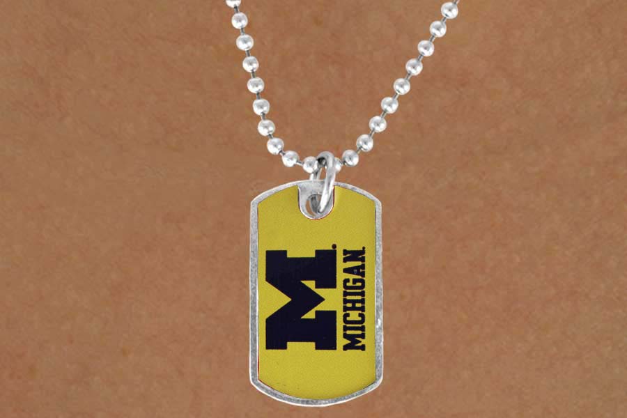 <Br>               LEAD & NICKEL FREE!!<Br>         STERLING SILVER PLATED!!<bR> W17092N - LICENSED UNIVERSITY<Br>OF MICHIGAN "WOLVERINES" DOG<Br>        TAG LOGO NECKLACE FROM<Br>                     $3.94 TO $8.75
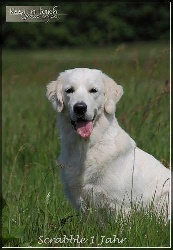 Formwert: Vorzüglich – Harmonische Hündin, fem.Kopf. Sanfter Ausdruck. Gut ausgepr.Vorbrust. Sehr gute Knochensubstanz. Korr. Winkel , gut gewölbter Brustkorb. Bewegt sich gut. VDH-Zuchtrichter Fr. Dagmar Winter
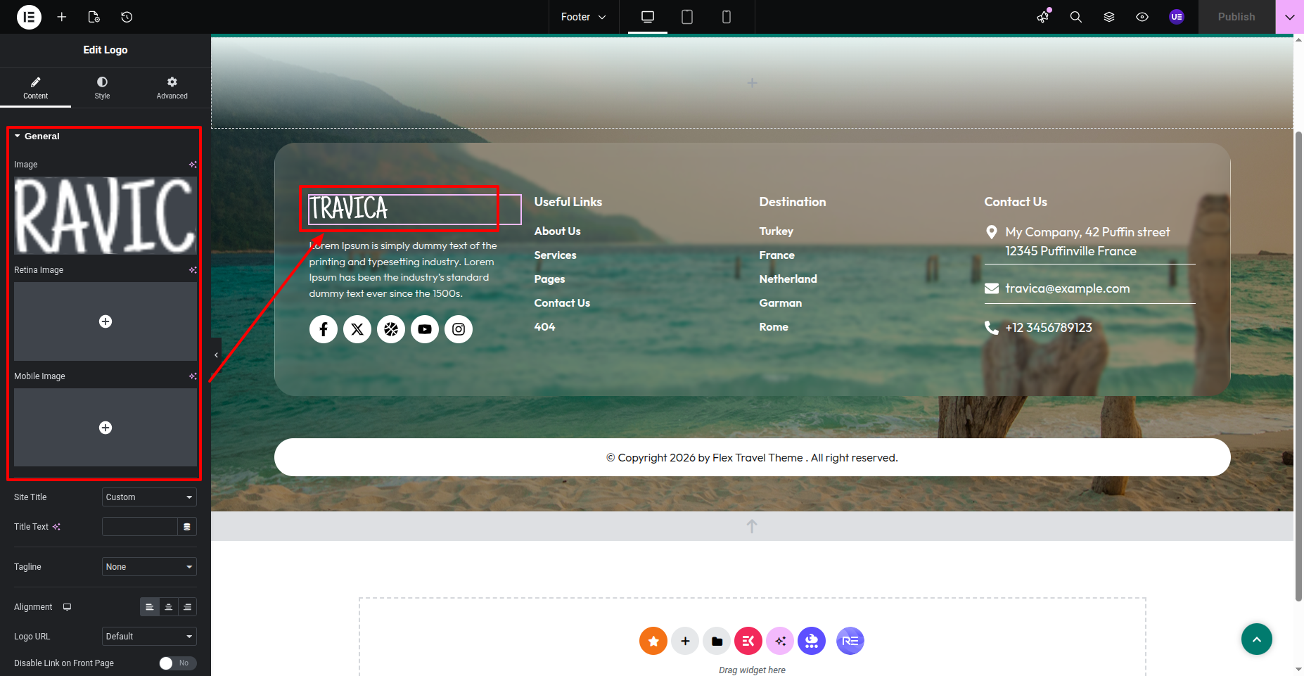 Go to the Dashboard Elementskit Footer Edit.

==

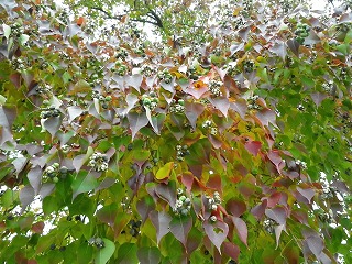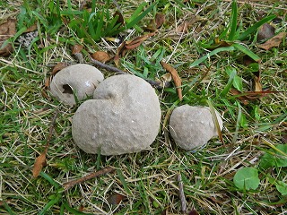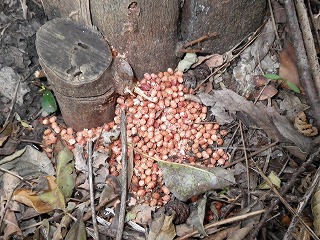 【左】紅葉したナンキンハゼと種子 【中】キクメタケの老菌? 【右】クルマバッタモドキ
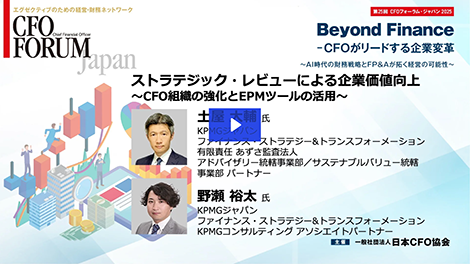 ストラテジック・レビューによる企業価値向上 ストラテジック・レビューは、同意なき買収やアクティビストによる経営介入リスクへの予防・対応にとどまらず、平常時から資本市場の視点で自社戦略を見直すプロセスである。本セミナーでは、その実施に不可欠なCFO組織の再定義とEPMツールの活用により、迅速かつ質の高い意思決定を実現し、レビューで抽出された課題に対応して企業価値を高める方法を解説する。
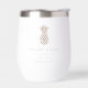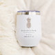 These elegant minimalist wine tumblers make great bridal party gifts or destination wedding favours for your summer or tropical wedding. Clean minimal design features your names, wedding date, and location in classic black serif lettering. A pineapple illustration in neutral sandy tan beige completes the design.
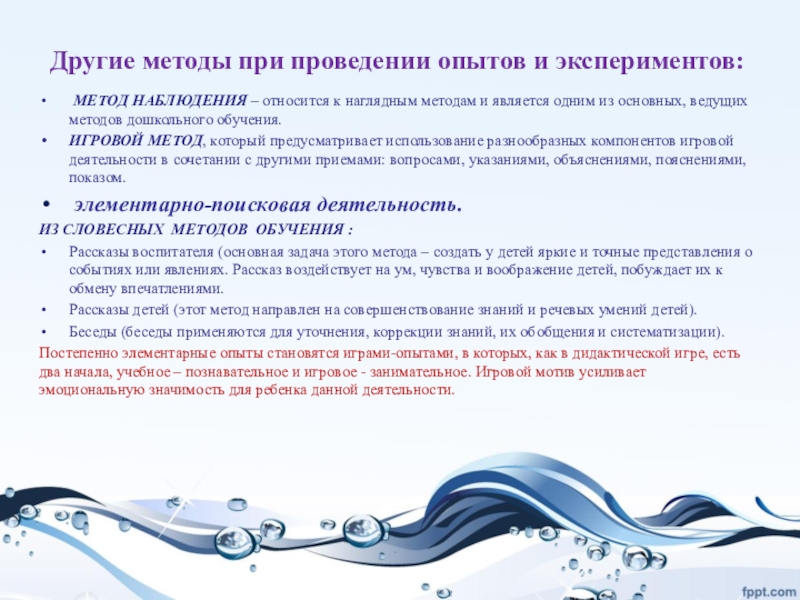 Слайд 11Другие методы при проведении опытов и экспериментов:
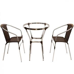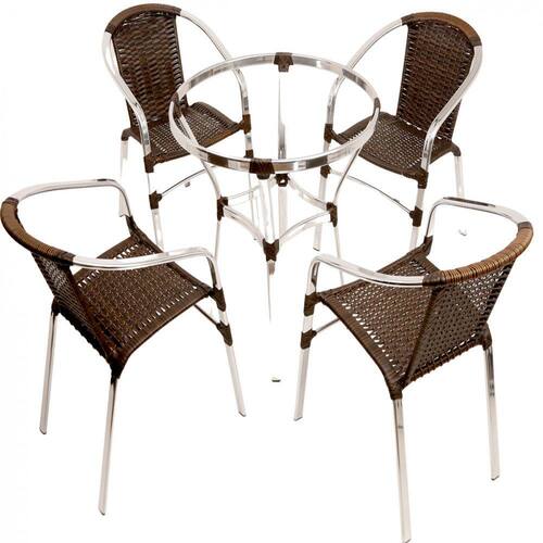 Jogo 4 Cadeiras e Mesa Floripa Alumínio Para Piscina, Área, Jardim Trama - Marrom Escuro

WORK INSTRUCTION = Go back to the listing above and write out the lines starting at the one with "LEAD & NICKEL" and ending at the one with "Go to the Dashboard Elementskit Footer Edit.", inclusive, exactly and without pictures.

TASK OUTPUT =
 <Br>               LEAD & NICKEL FREE!!<Br>         STERLING SILVER PLATED!!<bR> W17092N - LICENSED UNIVERSITY<Br>OF MICHIGAN "WOLVERINES" DOG<Br>        TAG LOGO NECKLACE FROM<Br>                     $3.94 TO $8.75
 Formwert: Vorzüglich – Harmonische Hündin, fem.Kopf. Sanfter Ausdruck. Gut ausgepr.Vorbrust. Sehr gute Knochensubstanz. Korr. Winkel , gut gewölbter Brustkorb. Bewegt sich gut. VDH-Zuchtrichter Fr. Dagmar Winter
 Go to the Dashboard Elementskit Footer Edit.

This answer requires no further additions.